━━━━━ Data extracts
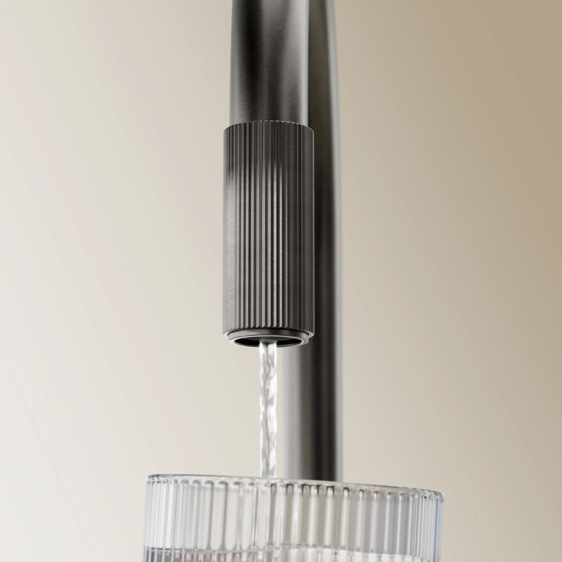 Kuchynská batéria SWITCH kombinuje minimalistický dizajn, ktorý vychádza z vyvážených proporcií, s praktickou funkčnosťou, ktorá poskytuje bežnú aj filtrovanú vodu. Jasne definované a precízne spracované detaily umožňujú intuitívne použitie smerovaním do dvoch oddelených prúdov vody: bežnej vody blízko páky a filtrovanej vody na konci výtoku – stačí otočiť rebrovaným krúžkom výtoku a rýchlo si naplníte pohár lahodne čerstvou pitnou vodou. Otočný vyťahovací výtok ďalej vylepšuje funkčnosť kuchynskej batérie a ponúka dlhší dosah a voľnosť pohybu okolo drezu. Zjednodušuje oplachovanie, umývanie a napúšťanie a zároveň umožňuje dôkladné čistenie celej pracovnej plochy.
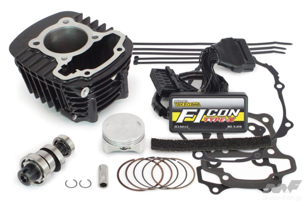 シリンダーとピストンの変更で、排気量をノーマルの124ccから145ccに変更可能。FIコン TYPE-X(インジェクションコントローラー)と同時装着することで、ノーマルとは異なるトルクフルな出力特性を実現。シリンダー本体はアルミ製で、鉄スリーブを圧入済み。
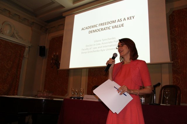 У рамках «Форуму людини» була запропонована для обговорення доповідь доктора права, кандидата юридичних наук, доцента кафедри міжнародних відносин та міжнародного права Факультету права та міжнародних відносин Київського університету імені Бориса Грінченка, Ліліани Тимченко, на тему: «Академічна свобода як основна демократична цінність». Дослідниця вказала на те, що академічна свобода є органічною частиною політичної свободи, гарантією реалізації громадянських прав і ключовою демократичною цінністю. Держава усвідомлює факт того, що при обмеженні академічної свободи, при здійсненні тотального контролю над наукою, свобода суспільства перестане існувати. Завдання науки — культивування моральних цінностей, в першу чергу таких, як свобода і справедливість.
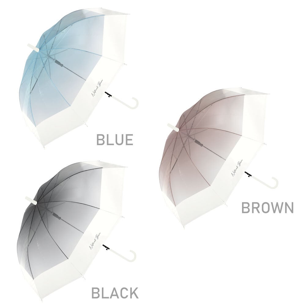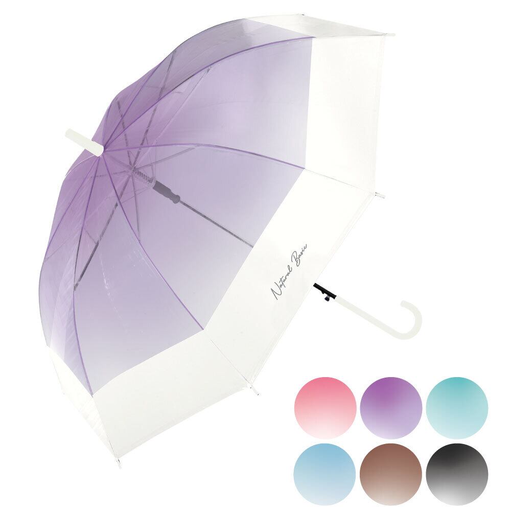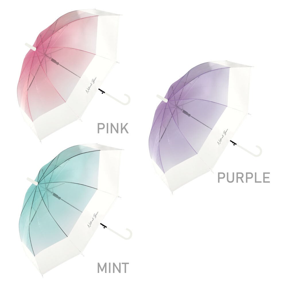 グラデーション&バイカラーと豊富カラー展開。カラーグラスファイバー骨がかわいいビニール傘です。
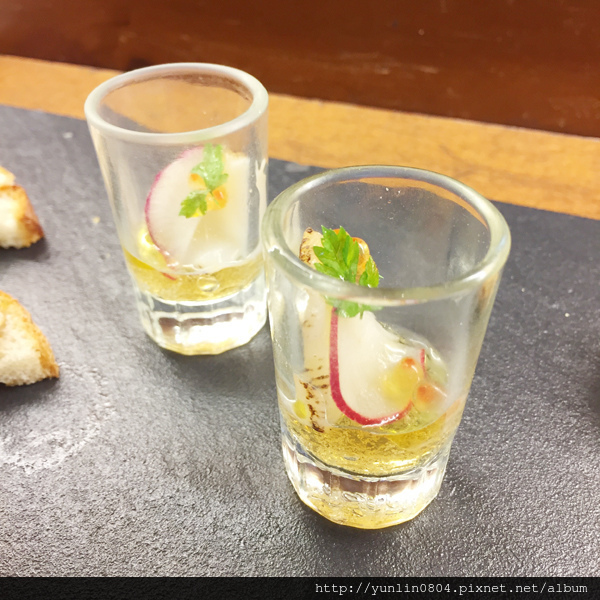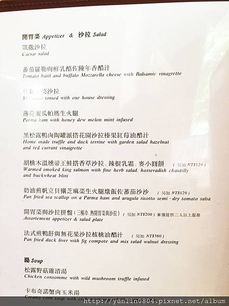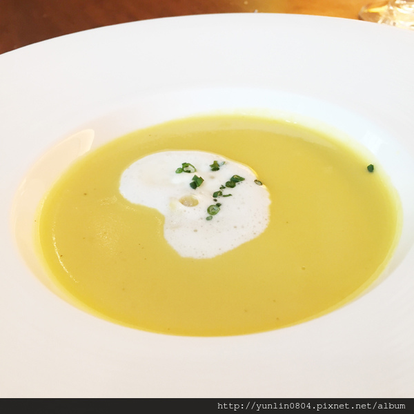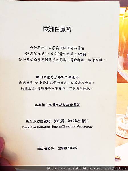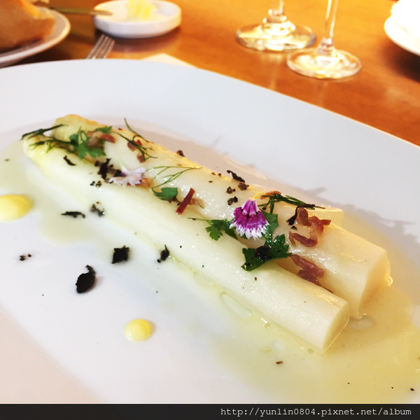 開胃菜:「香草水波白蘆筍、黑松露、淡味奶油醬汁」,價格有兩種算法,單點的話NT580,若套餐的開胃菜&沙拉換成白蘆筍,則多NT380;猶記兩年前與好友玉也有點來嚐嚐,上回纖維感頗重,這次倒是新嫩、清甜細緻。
━━━━━━━━━━
Reproduce exactly the lines above from the one with "グラデーション&バイカラーと" through the last line of the data, keeping both ends and dropping the pictures.

 グラデーション&バイカラーと豊富カラー展開。カラーグラスファイバー骨がかわいいビニール傘です。
 開胃菜:「香草水波白蘆筍、黑松露、淡味奶油醬汁」,價格有兩種算法,單點的話NT580,若套餐的開胃菜&沙拉換成白蘆筍,則多NT380;猶記兩年前與好友玉也有點來嚐嚐,上回纖維感頗重,這次倒是新嫩、清甜細緻。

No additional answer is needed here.